Monday, January 22, 2024

People and Data - a summary.

 

This is a summary of the book titled “People and Data” written by Thomas C. Redman and published by Kogan Page in 2023. Data is essential for people to act meaningfully in business, government, and private life. It is the fuel that runs the world and requires high-quality data. However, individuals and businesses often fail to prioritize data when building technological infrastructure, organizing operations, or choosing new tech tools. He urges companies to modernize their approach to and use of data, focusing on improving data quality and aligning data and business priorities. Companies must optimize their application of quality data, including ordinary employees in their approach and involving them in data generation.

Data enables meaningful action in private life and commerce, such as anticipating and shopping for needs, making rational home-purchasing decisions, and analyzing sales trends and supply chains. However, the data space has problems, such as distrust of data and the monetary cost of bad data. Businesses must make their data work by utilizing data science technologies or engendering a data-driven culture. Leaders must organize their businesses to emphasize data use and build technological infrastructure to support data use at the firms' required scale.

Organizations must reconfigure their "organization for data" to address data quality. This reconfiguration should consider five issues: people involved, data flow, information technology management, teams working on data, and people leading data-driven projects. Missing people is the single most important force holding data programs back. Data becoming a business's central driver requires the involvement of everyone in the company, including non-specialist roles. Better data use will increase revenue, lower costs, reduce errors, and foster a closer relationship between employees and customers.

Organizing for data involves smooth and coordinated movement of data between departments and people, with technology and data managers separate. Transformation comes from both the bottom-up and top-down, with young employees offering innovations and senior leadership managing coordination. Everyone should join the "data generation," as the prevalence of politically motivated misinformation has changed people's views on low-quality data.

All organizations must prioritize improving data quality, as only about 3% of companies' data meets basic quality standards and only 16% of managers trust the data they commonly use. The most transformative uses of data involve data-driven decision-making, data-driven cultures, and treating data as assets.

Small data is more important for most companies than big data, as it improves a company's operations, products, and customer acquisition. Companies often overlook the value of small data, as it involves fewer people and uses hundreds of data points. Small data projects offer more problem-solving opportunities and can reduce time wasted in interactions between colleagues and streamline in-house work processes.
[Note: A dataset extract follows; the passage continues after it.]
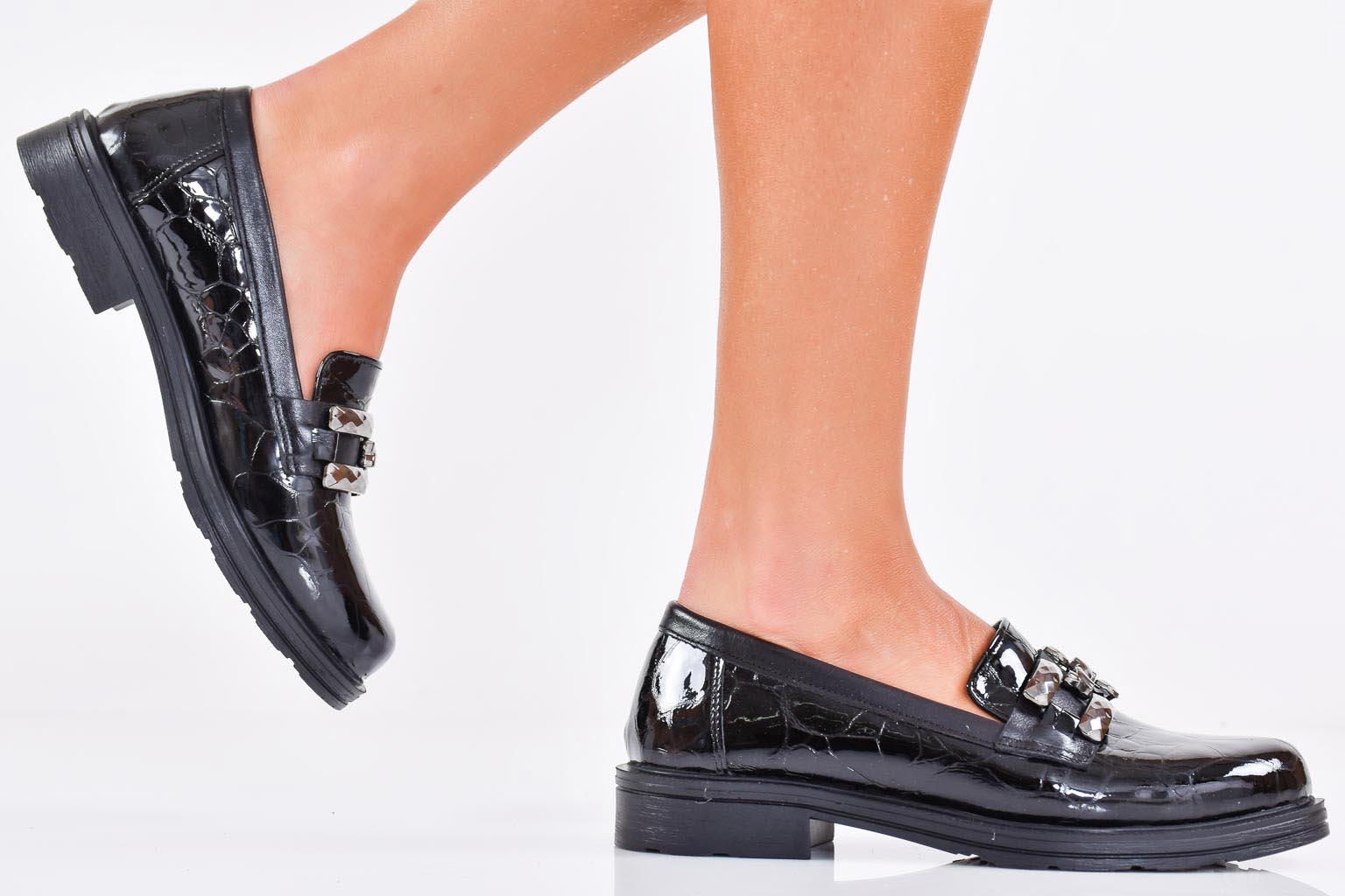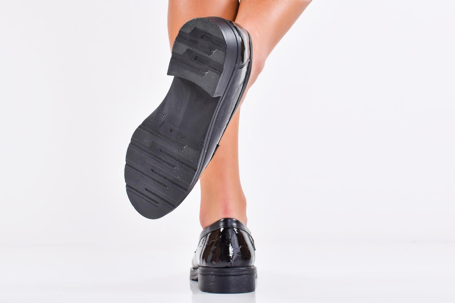 Дамски лоуфъри естествен лак черни EOBUVKIBG

Data is a team sport, but silos can inhibit effective teamwork. To address this, companies must build "fat organizational pipes" – channels of two-way communication between departments, individuals, and up and down the company hierarchy. These pipes include the "customer-supplier model," "data supply chain management," "data science bridge," and "common language."

Organizations must align their data and business priorities, and a data team should include executives, technology experts, and those managing data supply chains. Data teams should include an executive, entrepreneur, developer, and data security officer. Effective communication and collaboration between data creators and customers are crucial for increasing data quality and reducing errors.

Data projects require strong leadership and data program coordinators to empower employees with independence and responsibilities. Companies should align data projects with business priorities, form data teams, and interact with employees daily. They should understand project problems, embrace aspirations, address anxieties, and train employees to solve their own problems.